House, Senate pass measures keeping government open
Despite complaints from House Democrats that they were being shut out of the budget process, Wednesday night the House passed two continuing resolutions-one to keep the government operating through Jan. 31, the other to serve as a vehicle for the fiscal 2003 omnibus appropriations package.
The Senate Thursday, by voice vote, joined the House in approving the CR keeping agencies open through the end of the month. The other CR will be taken up next week, when Senate Appropriations Committee Chairman Ted Stevens, R-Alaska, is expected to amend it with the contents of the 11 remaining 2003 spending bills.
Stevens has tentatively scheduled a markup for Friday on the new bills, but if the Senate fails to organize by then, the markup will be delayed until next week.
Before the House's action, Democrats had threatened there would be "hell raised on the floor" because of a decision by the Rules Committee that they said prevented them from offering substantive alternatives to the CRs and likely the omnibus package once it is completed.

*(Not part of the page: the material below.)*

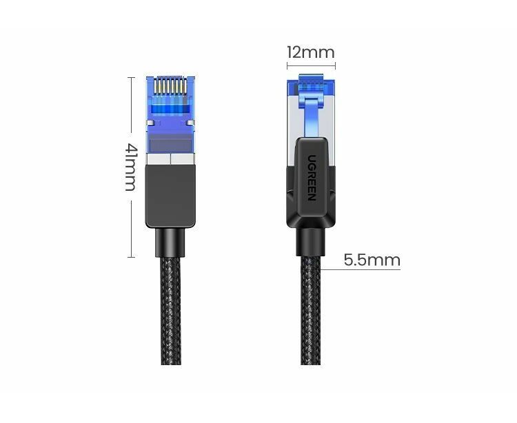 Кабель UGREEN NW153 (30795) Cat8 Classⅰf/FTP Round Ethernet Cable With Braid 10m Black
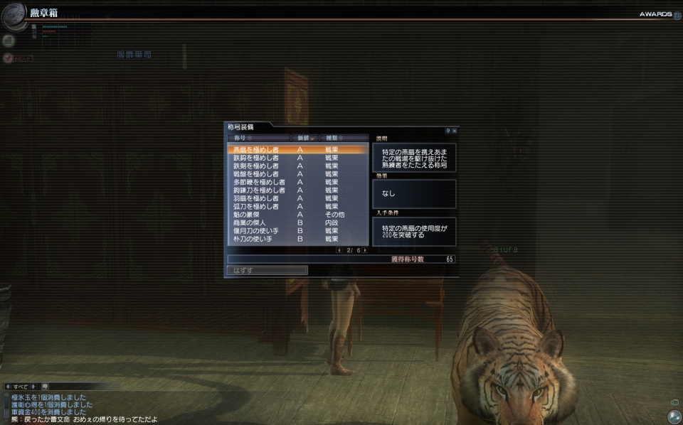 今回実装となる新たな四聖獣服飾「白虎服飾」。今回は白虎がモチーフということで、男性キャラクターは虎のマスクを装備した非常に勇ましい格好となり、女性キャラクターは獣耳を装着した可愛らしい外見となっているぞ。

House Appropriations ranking member David Obey, D-Wis., said Democrats were hoping to offer an amendment that would provide $2.5 billion in homeland security funds and other elements of a contingency package included in last summer's fiscal 2002 supplemental but not signed into law by President Bush.

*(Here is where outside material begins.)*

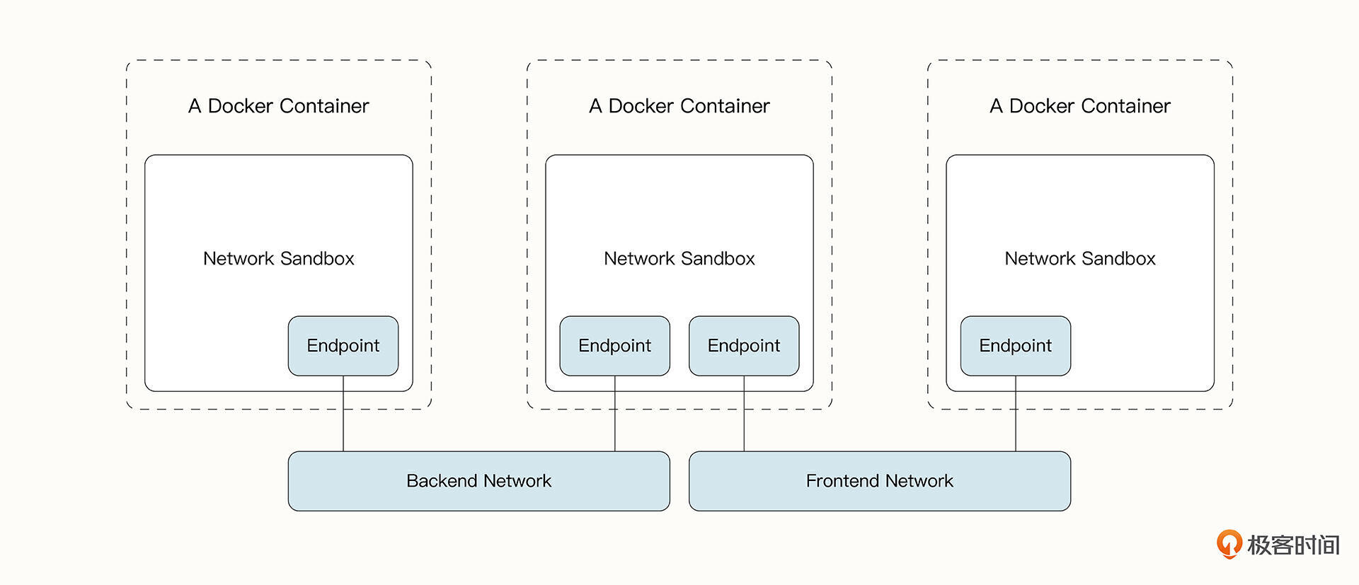那Docker网络通信的原理是什么呢?我们在之前看到,容器中的网络是相互隔离的,容器与容器之间无法相互通信。在Linux中,这是通过网络命名空间(Network namespace)实现的隔离。Docker中的网络模型遵循了容器网络模型(CNM,Container Network Model)的设计规范。如下所示,容器网络就像一个沙盒,只有通过Endpoint将容器加入到指定的网络中才可以相互通信。

"We don't expect to win, but we do expect to be afforded the opportunity" to offer alternatives, Obey said Wednesday. Characterizing the rules process as similar to those employed by a "Soviet-style Congress," Obey said GOP leaders are "rigging the process" so there is only one possible outcome and vowed to protest using various parliamentary delaying tactics. Obey also complained that the strategy to complete 2003 appropriations prevents the House from taking an up-or-down vote on domestic appropriations issues.